→ **What you have to do**
Restate the following data in its entirety, word for word and without images.

→ **The data**

***

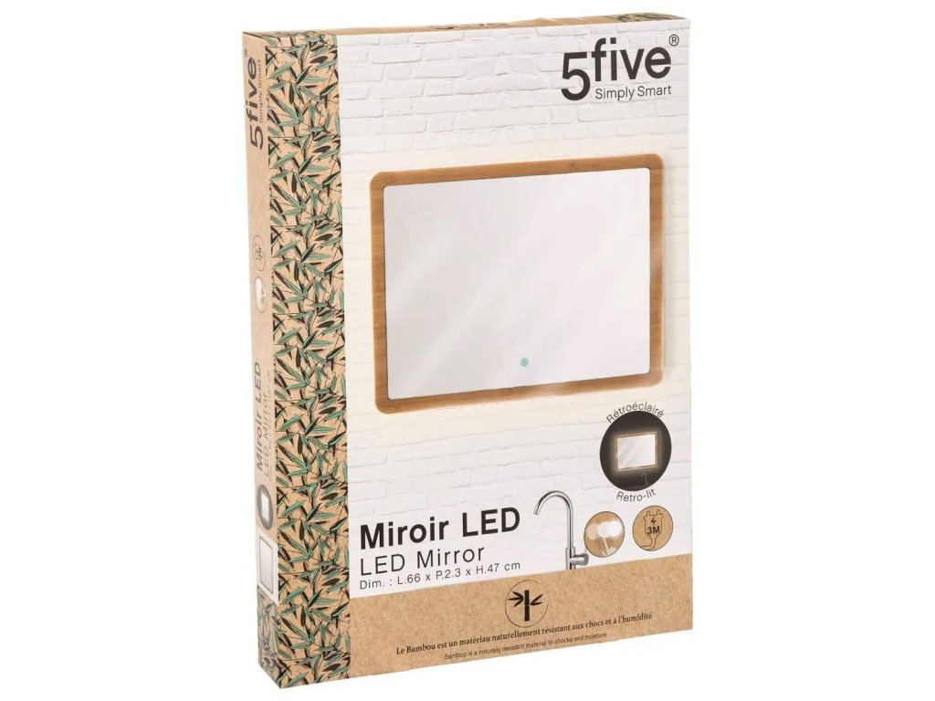 Koupelnové zrcadlo s LED podsvícením je uloženo v odolném bambusovém rámu. Dobře se uplatní v malých, stísněných koupelnách, ale nejen v nich. Jedná se o velmi chytrou dekoraci. Zrcadlo má hladký, bezchybný povrch. Zřetelně se v něm uvidíte. Sklo je stabilně zajištěno rámem.
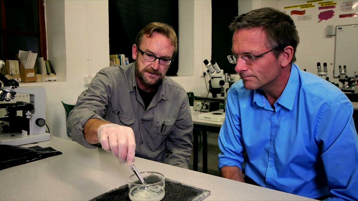 Michael Mosley from 'Infested!' describes the lifecycle of the tapeworm. He visits Kenya to see how the beef tapeworm needs to infect both beef cattle and humans to complete its life-cycle. He collects some infected beef in Kenya, finds the tapeworm cysts and infects himself. Footage of the cysts inside him is seen, followed ten weeks later by footage of the one metre long adult worms. Michael Mosley describes that he cannot feel it inside him despite its length.
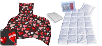 Pościel bawełniana 140x200 + 70x80 + 40x40 | 073b-c | biało czerwona | serca walentynki
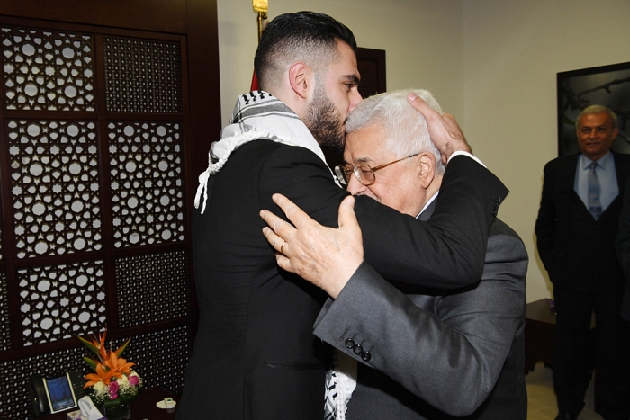 وفا | استقبل رئيس دولة فلسطين محمود عباس، اليوم السبت، بمقر الرئاسة في مدينة رام الله، الفنان الفلسطيني الفائز بلقب "محبوب العرب" يعقوب شاهين.

***

→ **Exercise output**
 Koupelnové zrcadlo s LED podsvícením je uloženo v odolném bambusovém rámu. Dobře se uplatní v malých, stísněných koupelnách, ale nejen v nich. Jedná se o velmi chytrou dekoraci. Zrcadlo má hladký, bezchybný povrch. Zřetelně se v něm uvidíte. Sklo je stabilně zajištěno rámem.
 Michael Mosley from 'Infested!' describes the lifecycle of the tapeworm. He visits Kenya to see how the beef tapeworm needs to infect both beef cattle and humans to complete its life-cycle. He collects some infected beef in Kenya, finds the tapeworm cysts and infects himself. Footage of the cysts inside him is seen, followed ten weeks later by footage of the one metre long adult worms. Michael Mosley describes that he cannot feel it inside him despite its length.
 Pościel bawełniana 140x200 + 70x80 + 40x40 | 073b-c | biało czerwona | serca walentynki
 وفا | استقبل رئيس دولة فلسطين محمود عباس، اليوم السبت، بمقر الرئاسة في مدينة رام الله، الفنان الفلسطيني الفائز بلقب "محبوب العرب" يعقوب شاهين.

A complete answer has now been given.